A US drone attack in Afghanistan has taken out two ISIS-K "planners" riding a tuk-tuk, in apparent retaliation for Thursday's Kabul airport bombing.

Another was injured according to a Pentagon official, who said the fact they were ISIS-K "planners and facilitators" was "reason enough alone" for the strike.

It happened in the eastern Afghan province of Nangarhar on Friday, which is reportedly home to some 2,000 Islamic State Khorasan terrorists.

The retaliatory blast on Friday came after 13 US troops and dozens of Afghans were killed in the blast at Kabul airport on Thursday, write The Sun.

The suicide bomber hit people waiting desperately for a flight out of Afghanistan and people were seen carrying those who had been wounded to ambulances, their clothes covered in blood.

The revenge attack by the United States came as part of a "24/7" hunt for those responsible for the bombing at Kabul airport.

The Mail reported two senior ISIS-K terrorists – described as "planners" – died immediately and were reportedly sat in the back of a three-wheeled tuk-tuk after being struck by a missile from an MQ-9 Reaper drone.

The attack drone used in the strike is believed to be based in Qatar – where America also has a fleet of B52 bombers that could be drawn upon.

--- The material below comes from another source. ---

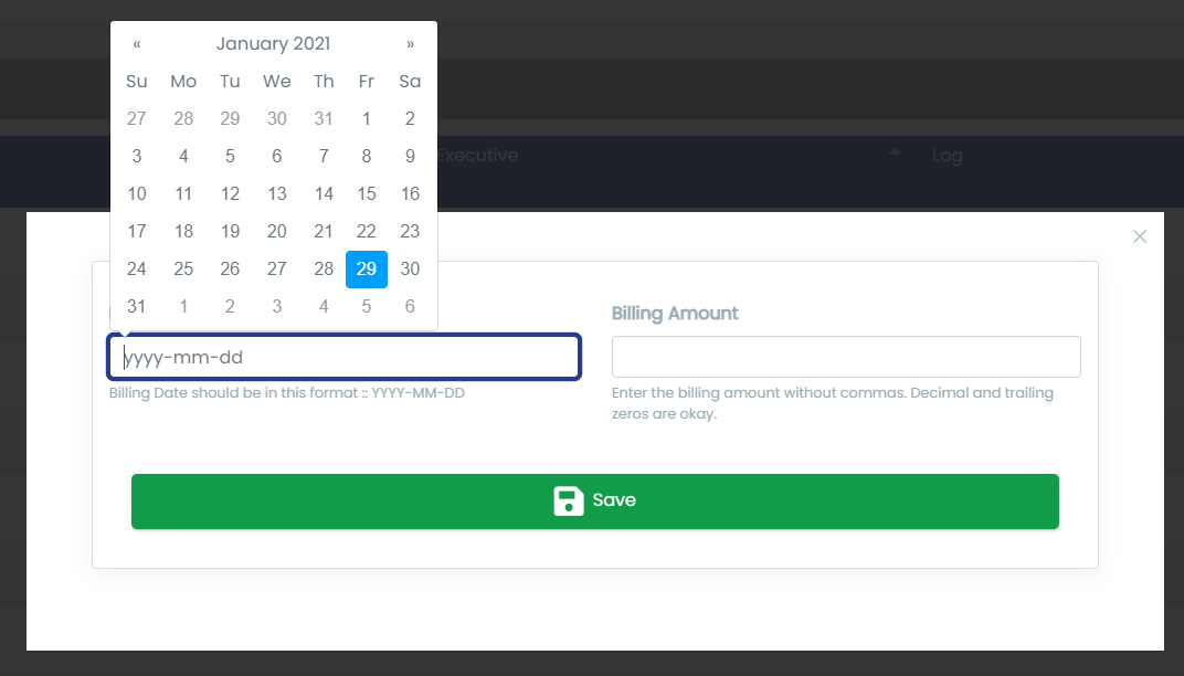 The Add Billing function opens in a modal as shown below. The Billing Date defaults to the current date, January 29, 2021 in this example. Simply select the pertinent date and then enter the billing amount in the Billing Amount field. This amount should be the entire amount regardless of splits--HA will automatically split it out for you. When finished, click Save to save the records to the contract placement.

  • Two Brits and child of British national among dead in horror Kabul airport attack

US Defence Department spokesperson John Kirby wouldn't confirm whether the men were involved in Thursday's deadly suicide bombing.

He said: "They were ISIS-K planners and facilitators and that's enough reason there alone. I won't speak to the details of these individuals and what their specific roles might be.

"We have the ability and the means to carry over the horizon counterterrorism capabilities and we're going to defend ourselves."

According to Kirby, neither Congress nor the Taliban received prior notice of the drone strike. Future attacks against ISIS have not been ruled out after General Frank McKenzie, commander of US Central Command, vowed to work “24/7” to hunt down militants responsible.

The evacuation continues in Kabul ahead of Tuesday's deadline with forces maintaining a high state of alert in the face of a continued threat of terrorist attacks.

"The next few days will be our most dangerous period to date" in the evacuation, White House press secretary Jen Psaki said.